Oireachtas Joint and Select Committees

Wednesday, 16 November 2022

Select Committee on Finance, Public Expenditure and Reform, and Taoiseach

Business of Select Committee

Photo of Paschal DonohoePaschal Donohoe (Dublin Central, Fine Gael) | Oireachtas source

A sale of shares is normally chargeable to stamp duty at a rate of 1%, as Deputy Doherty concluded, and is payable by the purchaser. I am advised by Revenue that where a company purchases its own shares, the stamp duty treatment depends on the form in which the shares are held and the method by which the purchases are effected.

For shares held in paper form, the shares may be bought back in two ways. The first is by means of a standard stock transfer form. The second is where the shareholder and the company enter into a contract or share purchase agreement for the sale of the shares, following which the shareholder hands over the share certificates to the company.

Where a company purchases its own shares by means of a stock transfer form, a stamp duty charge arises. Where a company enters into a contract or share purchase agreement, Revenue accepts that there is no stamp duty chargeable on the transaction by virtue of section 31(1)(b) of the Stamp Duties Consolidation Act 1999. This section provides for stamp duty to be charged in respect of any contract or agreement for the sale of any estate or interest in any property as if it were an actual conveyance on sale of the estate, interest or property.

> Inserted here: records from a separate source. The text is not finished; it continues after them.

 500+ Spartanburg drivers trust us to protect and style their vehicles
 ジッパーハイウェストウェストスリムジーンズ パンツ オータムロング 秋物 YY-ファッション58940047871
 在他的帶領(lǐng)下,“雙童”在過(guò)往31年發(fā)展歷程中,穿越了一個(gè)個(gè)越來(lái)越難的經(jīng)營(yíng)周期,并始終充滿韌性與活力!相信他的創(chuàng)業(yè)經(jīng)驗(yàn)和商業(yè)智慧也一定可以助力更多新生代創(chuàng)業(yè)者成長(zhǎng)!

However, it specifically excludes from its scope the sale of certain property, including shares. Accordingly, where a company purchases its own shares by means of a contract or agreement, no charge to stamp duty arises.

For shares held in uncertificated, or dematerialised, form, the shares may be bought back via a securities settlement system. Euroclear operates the securities settlement system for trading in Irish shares. Where a company purchases its own shares via a securities settlement system, it has been a long-standing Revenue practice to confirm that stamp duty is not chargeable.

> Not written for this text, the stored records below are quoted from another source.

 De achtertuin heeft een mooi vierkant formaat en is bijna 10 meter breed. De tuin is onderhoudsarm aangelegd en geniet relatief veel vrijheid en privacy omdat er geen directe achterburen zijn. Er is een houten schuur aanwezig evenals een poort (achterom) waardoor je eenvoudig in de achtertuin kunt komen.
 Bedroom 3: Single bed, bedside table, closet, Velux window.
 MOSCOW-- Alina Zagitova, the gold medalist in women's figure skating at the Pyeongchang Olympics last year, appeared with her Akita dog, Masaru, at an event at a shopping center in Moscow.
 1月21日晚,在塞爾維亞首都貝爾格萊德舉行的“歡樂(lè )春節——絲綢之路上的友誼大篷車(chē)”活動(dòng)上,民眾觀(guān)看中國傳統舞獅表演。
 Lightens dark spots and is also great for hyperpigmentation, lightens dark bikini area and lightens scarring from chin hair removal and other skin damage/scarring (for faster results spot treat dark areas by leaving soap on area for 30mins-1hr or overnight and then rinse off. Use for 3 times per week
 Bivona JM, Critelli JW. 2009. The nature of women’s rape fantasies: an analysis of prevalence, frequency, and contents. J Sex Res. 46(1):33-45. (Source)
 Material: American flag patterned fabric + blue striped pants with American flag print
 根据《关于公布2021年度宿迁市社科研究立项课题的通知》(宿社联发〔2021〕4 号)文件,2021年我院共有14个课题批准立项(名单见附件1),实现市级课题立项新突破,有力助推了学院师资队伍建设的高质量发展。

In advance of budget 2023, officials in my Department carried out a preliminary examination of issues relating to the stamp duty treatment of share buybacks, as was flagged in the tax strategy group papers. On the conclusion of that preliminary examination, departmental officials recommended to me that no changes should be introduced in the Finance Bill 2022 and that the Department should carry out a more in-depth analysis of this issue in the year ahead. In this context, I can confirm for the Deputy that the matter of the stamp duty treatment of share buybacks will be considered in greater detail in 2023.

On reporting of information in relation to share buyback, companies are required to report to the Central Bank on share buyback activities under Article 5 of the market abuse regulation. However, the Central Bank looks at these reports on a case-by-case basis and does not keep a database from which this information can be extracted.